*** Opening Supplied information ***

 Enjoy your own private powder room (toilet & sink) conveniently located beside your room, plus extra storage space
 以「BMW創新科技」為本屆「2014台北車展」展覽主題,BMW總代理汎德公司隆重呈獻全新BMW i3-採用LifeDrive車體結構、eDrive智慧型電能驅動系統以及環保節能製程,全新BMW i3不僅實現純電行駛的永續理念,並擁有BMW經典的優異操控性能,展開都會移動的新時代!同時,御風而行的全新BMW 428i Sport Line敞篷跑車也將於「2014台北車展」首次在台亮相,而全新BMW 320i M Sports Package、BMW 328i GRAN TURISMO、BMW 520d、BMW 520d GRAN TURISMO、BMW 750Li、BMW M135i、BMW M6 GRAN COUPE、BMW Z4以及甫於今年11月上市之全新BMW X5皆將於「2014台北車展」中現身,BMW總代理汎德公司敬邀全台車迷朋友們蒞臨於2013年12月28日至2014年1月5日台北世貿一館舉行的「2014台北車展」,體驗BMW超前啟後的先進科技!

*** Closing Supplied information ***
*** Opening Supplied information ***

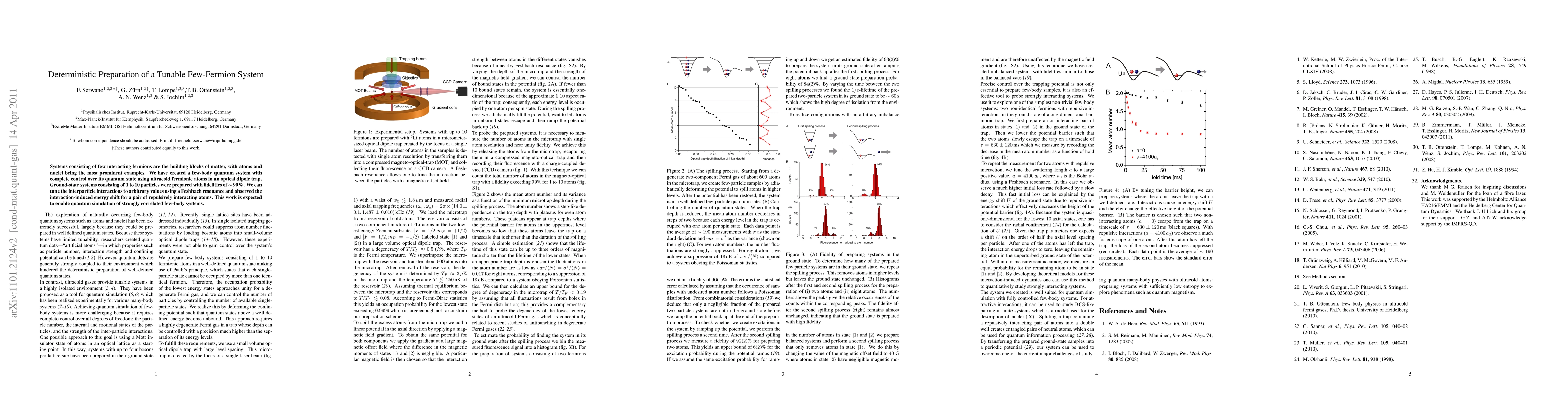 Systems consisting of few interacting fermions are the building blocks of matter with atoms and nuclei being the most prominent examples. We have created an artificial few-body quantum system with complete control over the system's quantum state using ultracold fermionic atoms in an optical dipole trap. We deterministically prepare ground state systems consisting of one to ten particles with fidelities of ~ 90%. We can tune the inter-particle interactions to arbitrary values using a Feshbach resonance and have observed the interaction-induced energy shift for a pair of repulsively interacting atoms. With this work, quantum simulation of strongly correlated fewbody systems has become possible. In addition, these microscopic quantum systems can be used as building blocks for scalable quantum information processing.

*** Closing Supplied information ***
*** Opening Supplied information ***

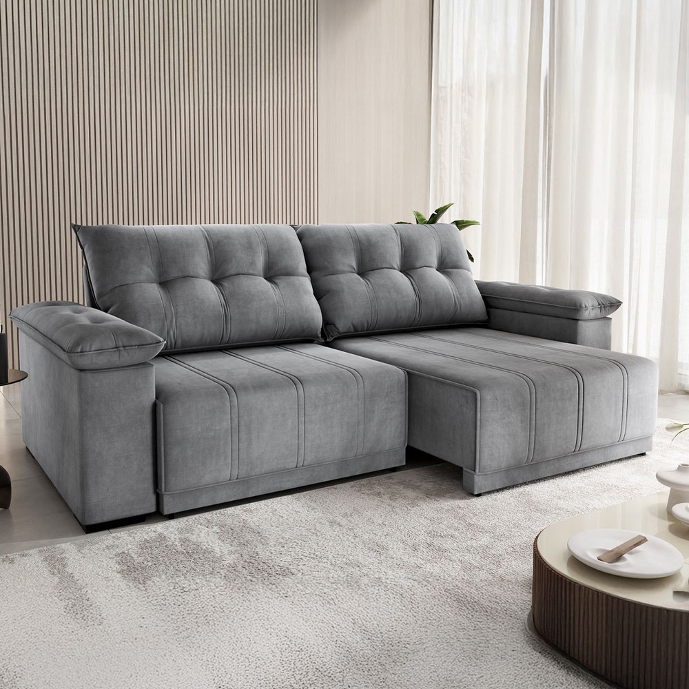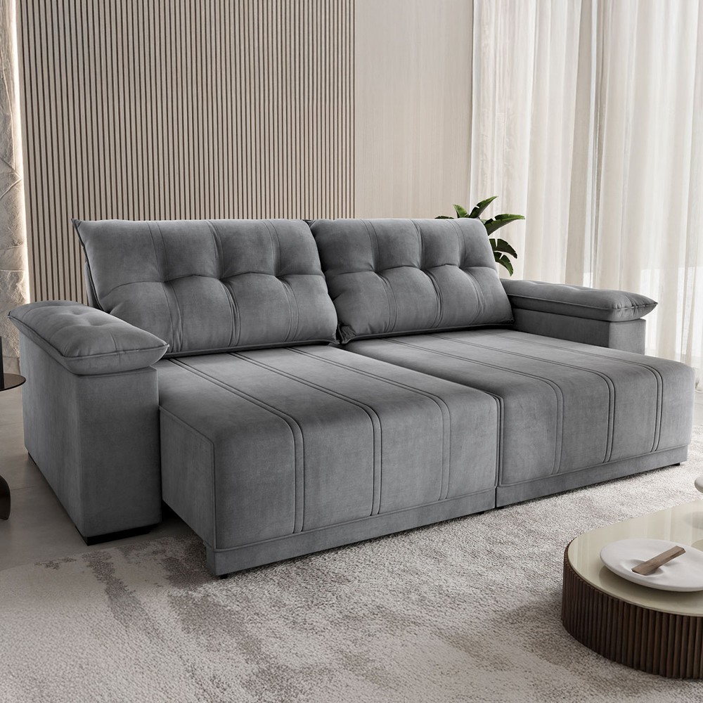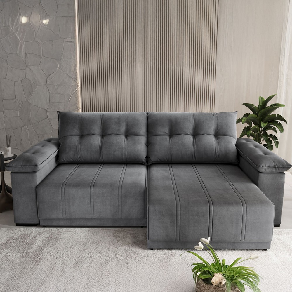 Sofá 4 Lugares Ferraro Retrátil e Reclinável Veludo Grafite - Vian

*** Closing Supplied information ***

• Activity:
The expected output is exactly the lines of the listing above between the line holding "Enjoy your own" and the line holding "428i Sport Line敞篷跑車也將於「2014台北車展」首次在台亮相,而全新BMW", inclusive.

• Answer box:
 Enjoy your own private powder room (toilet & sink) conveniently located beside your room, plus extra storage space
 以「BMW創新科技」為本屆「2014台北車展」展覽主題,BMW總代理汎德公司隆重呈獻全新BMW i3-採用LifeDrive車體結構、eDrive智慧型電能驅動系統以及環保節能製程,全新BMW i3不僅實現純電行駛的永續理念,並擁有BMW經典的優異操控性能,展開都會移動的新時代!同時,御風而行的全新BMW 428i Sport Line敞篷跑車也將於「2014台北車展」首次在台亮相,而全新BMW 320i M Sports Package、BMW 328i GRAN TURISMO、BMW 520d、BMW 520d GRAN TURISMO、BMW 750Li、BMW M135i、BMW M6 GRAN COUPE、BMW Z4以及甫於今年11月上市之全新BMW X5皆將於「2014台北車展」中現身,BMW總代理汎德公司敬邀全台車迷朋友們蒞臨於2013年12月28日至2014年1月5日台北世貿一館舉行的「2014台北車展」,體驗BMW超前啟後的先進科技!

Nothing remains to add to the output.